Donald Trump coupled his calls for American isolationism with a promise to ‘Make America Great Again’ – as if the USA of the 1980s or 1950s was a perfect society that Americans should somehow recreate in the twenty-first century. The Brexiteers dream of making Britain an independent power, as if they were still living in the days of Queen Victoria and as if ‘splendid isolation’ were a viable policy for the era of the Internet and global warming.
During the 2016 US presidential race, the main reference to disruptive technology concerned Hillary Clinton’s email debacle,3 and despite all the talk about job losses, neither candidate addressed the potential impact of automation. Donald Trump warned voters that the Mexicans and Chinese will take their jobs, and that they should therefore build a wall on the Mexican border.4 He never warned voters that the algorithms will take their jobs, nor did he suggest building a firewall on the border with California.
We have no idea what the job market will look like in 2050. It is generally agreed that machine learning and robotics will change almost every line of work – from producing yoghurt to teaching yoga. However, there are conflicting views about the nature of the change and its imminence. Some believe that within a mere decade or two, billions of people will become economically redundant. Others maintain that even in the long run automation will keep generating new jobs and greater prosperity for all.
In my view the lest constructive way is to resort to an emotional stubbernness.
This is the consciousness of antiquated religions who hope to convince others of their belief. Those are:
- Throwing billions into maintainance of our obsolete capitalism
- Reviving an antiquated nationalism
- looking for someone to blame for the coronavirus (that can be done later)

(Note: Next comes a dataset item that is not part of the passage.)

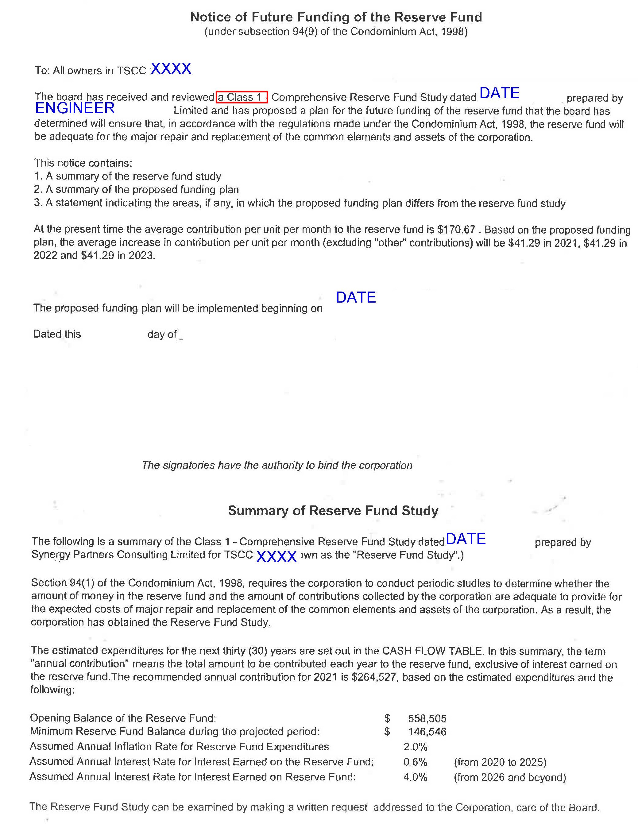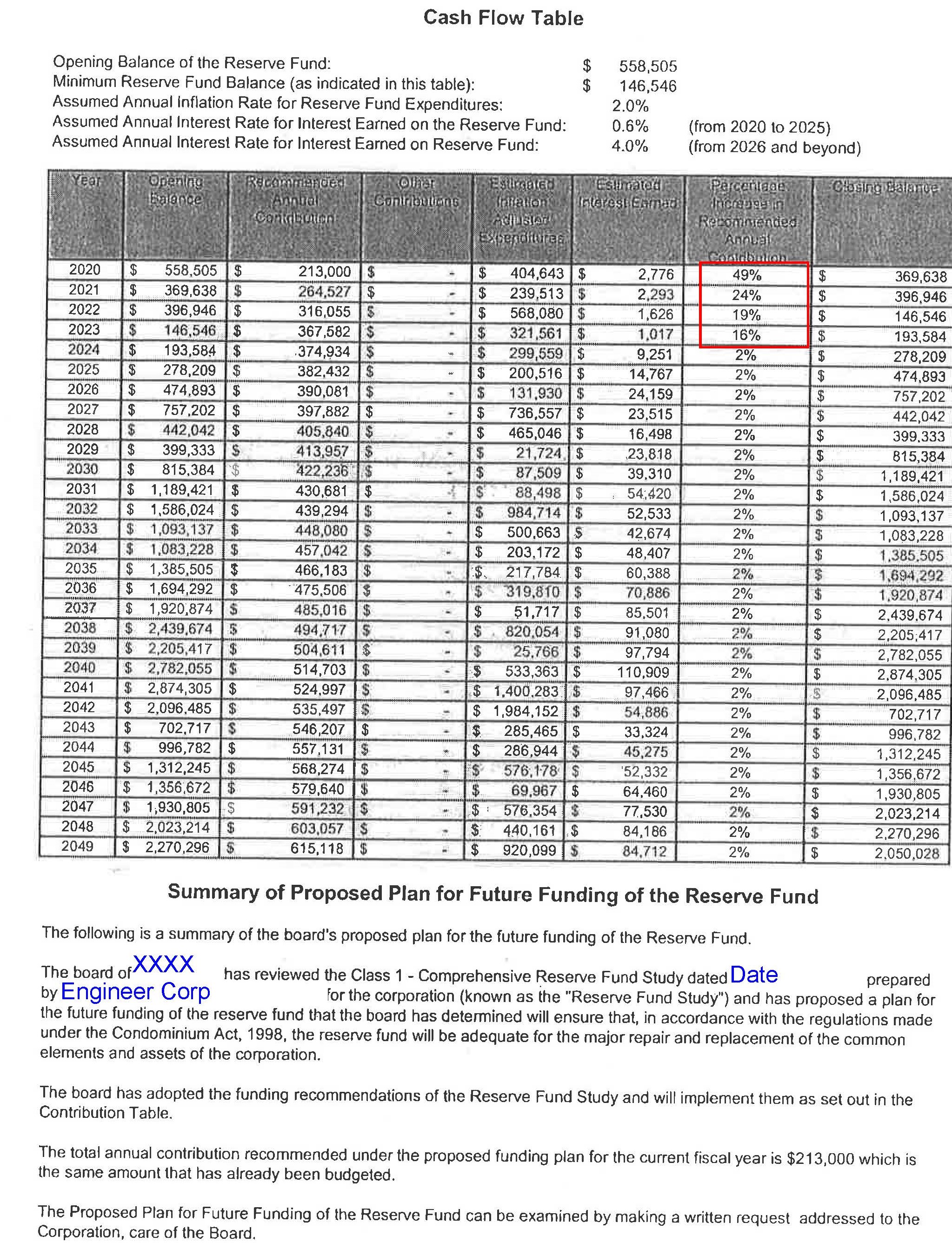 As part of the Form 15 you will likely see few pages and tables, it will describe who prepared the report, for which corporation, when, what would be the average monthly contribution and increase to the reserve fund, the pages have some interesting and highlighted items we would like to point out.

- to deny the existance of
- climate change
- the coronavirus
- or the “rise of the machines” which will take our work
Not only does that gridlock ones position; it also literally violates everyone by destroying other’s health, environment or happiness.
But the most constructive way seems to me to face the music and to look for constructive ways out of this mess one step at the time.

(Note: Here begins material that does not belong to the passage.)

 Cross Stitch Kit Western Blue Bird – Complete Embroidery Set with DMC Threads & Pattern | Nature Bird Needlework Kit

- We have to protect ourselves from the coronavirus
- We have to look for a changed capitalism (such as universal basic income which would kill
- the bird of forced labour, which soon will be automated away anyway,
- as well as corona-unemployment in one go)
- When rebuilding our world, the new normal should not simply to revert to destructive old norms, but an environmentally friendly one.
- This is the chance for politicians without attacking the elite to simply not rescue environmentally unfriendly technologies (such as fossil fuel energies) anymore.
Overall, instead of this being a worrisome time,
this could turn out to be a kick starter for a brighter future for all of us.